Municipalities were permitted, but not obligated, to hire an MCEO (in 2012, it finally became mandatory for all municipalities to hire an MCEO). Unlike in the towns, the position of MCEO had to be advertised; therefore, the law did not permit council members to become managers. However, the differences between rural and urban MCEOs were mostly eliminated within a few years. The rule of advertisement for the rural manager was lifted, and managers in rural municipalities were also allowed to be members of the council, albeit without voting rights. The final change was to make the term of employment four years, the same as the election term. During this era, changes were usually not made within the election term unless the MCEO left office voluntarily. Thus, the general idea was that MCEOs could not be fired without good reason. However, a 2001 Supreme Court ruling established beyond doubt that the post was so tightly connected to the majority of the council that any disruption in trust between the MCEO and the majority or changes in the majority were a justifiable reason for the MCEO in question to be fired (Valsson, 2014). This was confirmed in a statement by the Icelandic Ombudsman in 2018 in a dispute concerning whether the recruitment process of a city manager should be purely merit-based or not (Umboðsmaður Alþingis [Ombudsman], 2018). In short, this established a political stronghold over the MCEO position, as they can be removed from their position by a council majority at any time.

In sum, the local council was given free rein to decide on when, how, and whom to hire for the position of MCEO. Since these changes were made in the early 1960s, the Local Government Act has been revised three times but with no major changes to the role of the MCEO or the division of power and authority between the MCEO and the council or political leadership. Thus, the formal structure of the Icelandic MCEO position has remained relatively unchanged since the mid-twentieth century.Footnote 2

6.4 Forms of Government and Legal Foundations

There are two main articles in the Local Government Act stipulating the legal framework for the appointment of the MCEO or municipal administrator, as referred to in the official translation. The first addresses the appointment of the MCEO, while the second article addresses the area of responsibility. The law makes no distinction between the executive mayor, the old council leader, and the city manager types of MCEO, with the exception of the chief executive’s right to vote if they are a member of the council.

These articles are partially based on a Danish template (with a Norwegian twist) used to describe the responsibilities of the Danish mayor. Like the Danish mayor, the Icelandic executive mayor is the head of the administration. Likewise, they both share responsibility for budgeting and finances with the executive board (if there is one) as well as signing legally binding documents on behalf of the municipality. They prepare and organize meetings, although they never lead them. The role of the council leader is normally never combined with that of the executive mayor, and in the case of the executive mayor, another politician takes over the role of the council leader.

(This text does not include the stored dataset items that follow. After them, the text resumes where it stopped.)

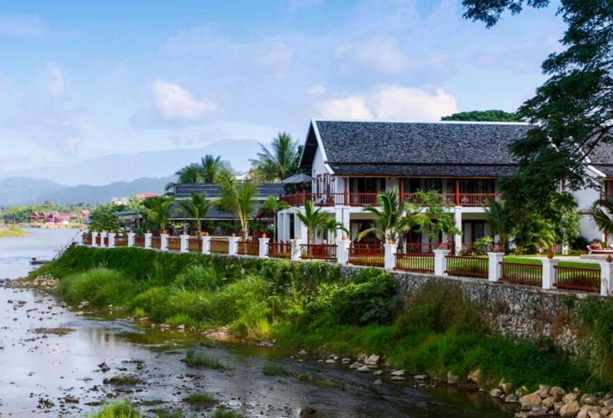 Riverside Boutique Resort ist ein idyllischer Rückzugsort am Ufer des Nam-Song-Flusses in Vang Vieng. Mit einladenden Gästezimmern, die die individuellen Traditionen von acht ethnischen Gruppen widerspiegeln, ist dies eine ruhige, durchdacht gestaltete Oase. Die besten Zimmer liegen nur wenige Schritte vom Pool entfernt und bieten magische Ausblicke, während das Restaurant du Crabe auf französisch-laotische Fusionsküche spezialisiert ist. Sehr romantisch.
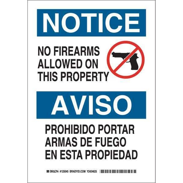 Bilingual Safety Sign, Sign Subject Matter Weapons, Devices or Substances, Height 10 in, Width 7 in, Sign Material Polyester, Sign Mounting Style Adhesive Surface, Header Notice/Aviso, Legend No Firearms Allowed On This Property/No Se Permiten Armas De Fuego En Esta Propiedad, Printed Language English, Spanish, Sign Shape Rectangle
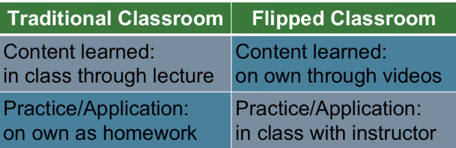 This model is called the ‘flipped’ classroom to contrast with a traditional classroom where students access content during a scheduled in person lecture and then engage in practice or application of content on their own as homework. The differences between the two models is in where and with whom the students access content and then practice or apply content.
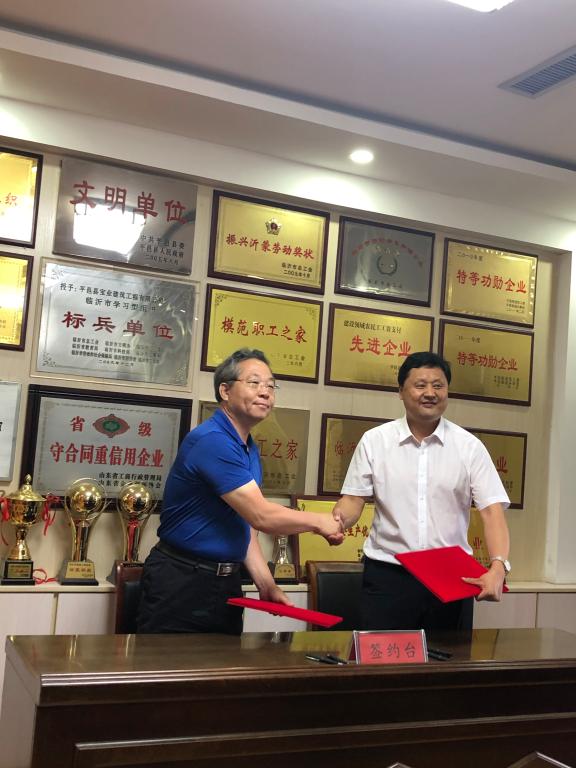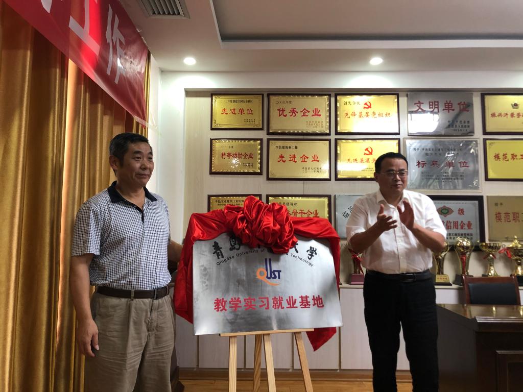 8月7日,学院党委书记杜芳林、院长谢广文一行到平邑县宝业建筑工程有限公司走访调研,并举行校企合作签约暨青岛科技大学教学实习就业基地揭牌仪式。平邑县人大常委会副主任孟凡民、平邑街道党工委书记张东升、平邑街道党工委组织委员姚刚、平邑县宝业建筑工程有限公司董事长总经理杨建国等出席有关活动。
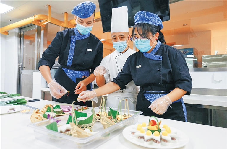 11月12日,在三亚中瑞酒店管理职业学院,学生们在老师的指导下向参观者展示所学技能。
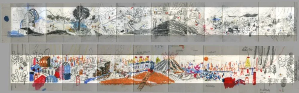 When I was done, I had before me a long continuous scene, rich in texture, with an abundance of gray tones punctuated with splashes of intense colour – which ends at a blue door, presumably the entrance of Hans’ home. But of course the story does not end here, and you flip the fold and find yourself in a second story.
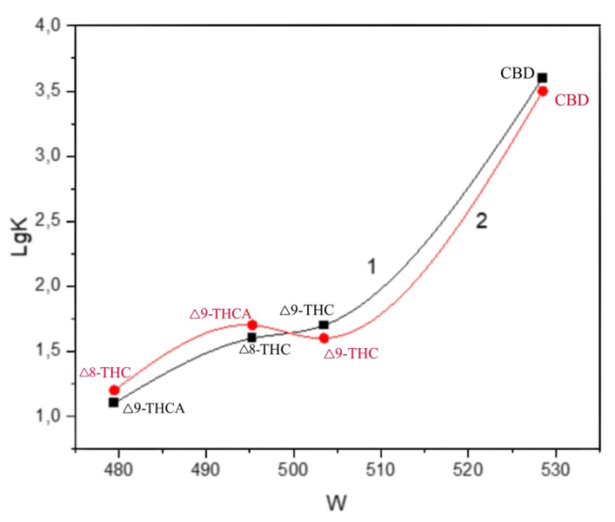 As can be seen from table 1, the decrease in the bond strength of plant cannabinoids to receptors, reflecting changes in the structure of the molecules, is quantified by an increasing Wiener index. An exception is the synthetic cannabinoid nabilone, which has a high affinity for receptors and the highest Wiener index in the presented group of compounds. The appearance of a carbonyl group in the structure of nabilone, a decrease in the aromaticity of its molecule, and the racemic form of the drug caused a violation of the pattern identified for the cannabinoids of plant origin.
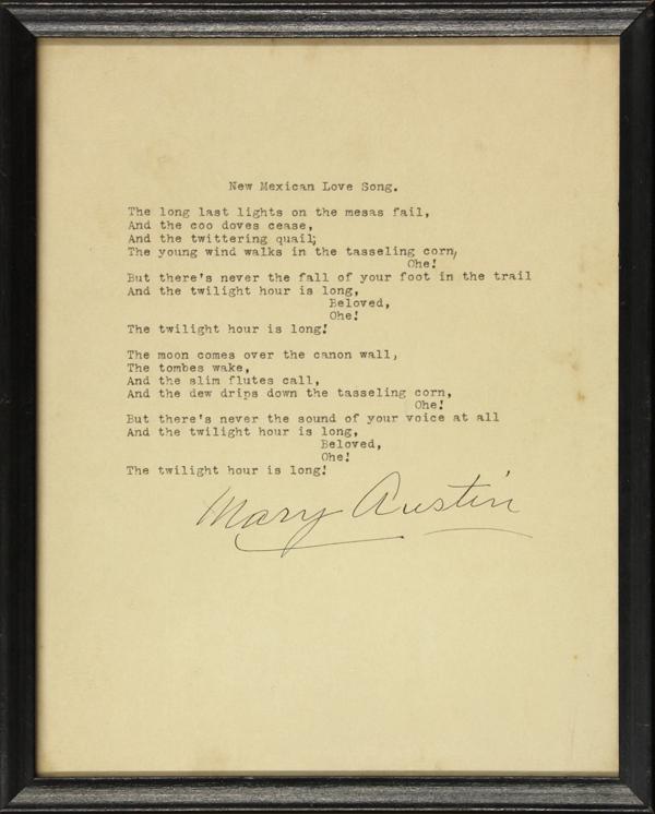 Mary Austin signed poem, ''New Mexican Love Song'', typewritten with an ink signature, framed 10.5''h x 8.75''w

In the Danish case, it is also possible to define other mayoral duties in a local ordinance. There is a similar clause in the Icelandic Act (§55), which is crucial because of the complexity of the position. The article states that Icelandic local councils should describe the division of labour between the council and the administration in the local ordinance. However, this is rarely done, and when it is, the description is usually vague and more or less repeats the legal framework. However, and unlike the Danish case, the Icelandic executive mayor is the chief executive in every sense of the word, which became very obvious when the comic Jón Gnarr was elected to the city council of Reykjavík in 2010 and consequently became the executive mayor of Reykjavík. In the following years, he was heavily criticized for not being ‘executive’ enough, and it was pointed out on several occasions that he was not a ‘real’ mayor because he actively assigned his executive responsibilities to top city hall managers (Hlynsdóttir, 2016b). This differs from the Danish mayor, who does not have the authority to hire staff and may well choose to stay out of daily administration altogether (Berg & Kjær, 2005). Conversely, the Norwegian mayor has no administrative responsibilities of any kind (Willumsen, 2014).

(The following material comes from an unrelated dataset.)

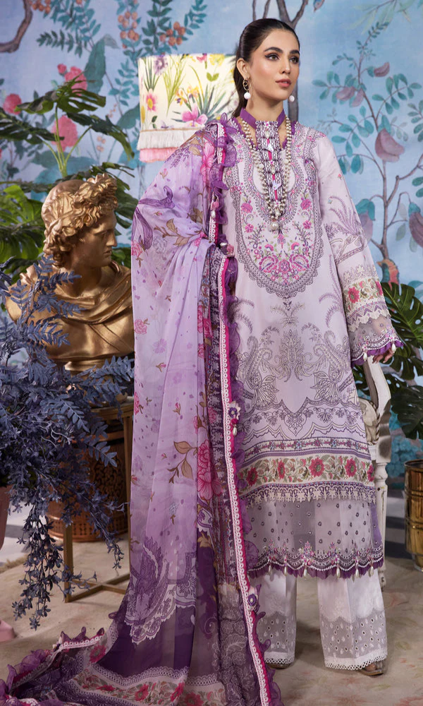 Anaya- 3PC Embroidered Printed Shirt with Printed Chiffon Dupatta

Thus, the crucial difference between the Icelandic case and similar articles in the Danish and Norwegian local government law is that local government articles that only refer to political leaders in Norway and Denmark are used to define the work of the MCEO in Iceland. This has added to the flexibility of the role of the Icelandic MCEO, albeit with added complexity. This also means that unlike the Danish case, where the Local Government Act is silent on the role of the MCEO, it is the other way around in the Icelandic Local Government Act, where the MCEO role is well defined, but that of political leadership is not.

A popular model for the organization of politics and administration at the local level is the politics–administration dichotomy model. Recently, Icelandic public rhetoric on the position of the MCEO emphasized the neutrality of the administration, and political interference in administration is seen as a potential source of corruption (Kristinsson, 2014). This is in line with a model that Demir (2009) labelled the ‘separation school’, which stresses the polarization of the political and administrative relationship. However, the legal framework and practice of the internal municipal organization constitute a mixture of an approach called the ‘political school’ (which posits that top administrators should share the values and political beliefs of elected officials) and another called the ‘interaction school’ (which stresses an overlapping approach). Research has also revealed that the overlapping model is a more common version of the interaction between administration and politics (Svara, 2006), and findings have shown this model to be more popular (Mouritzen & Svara, 2002).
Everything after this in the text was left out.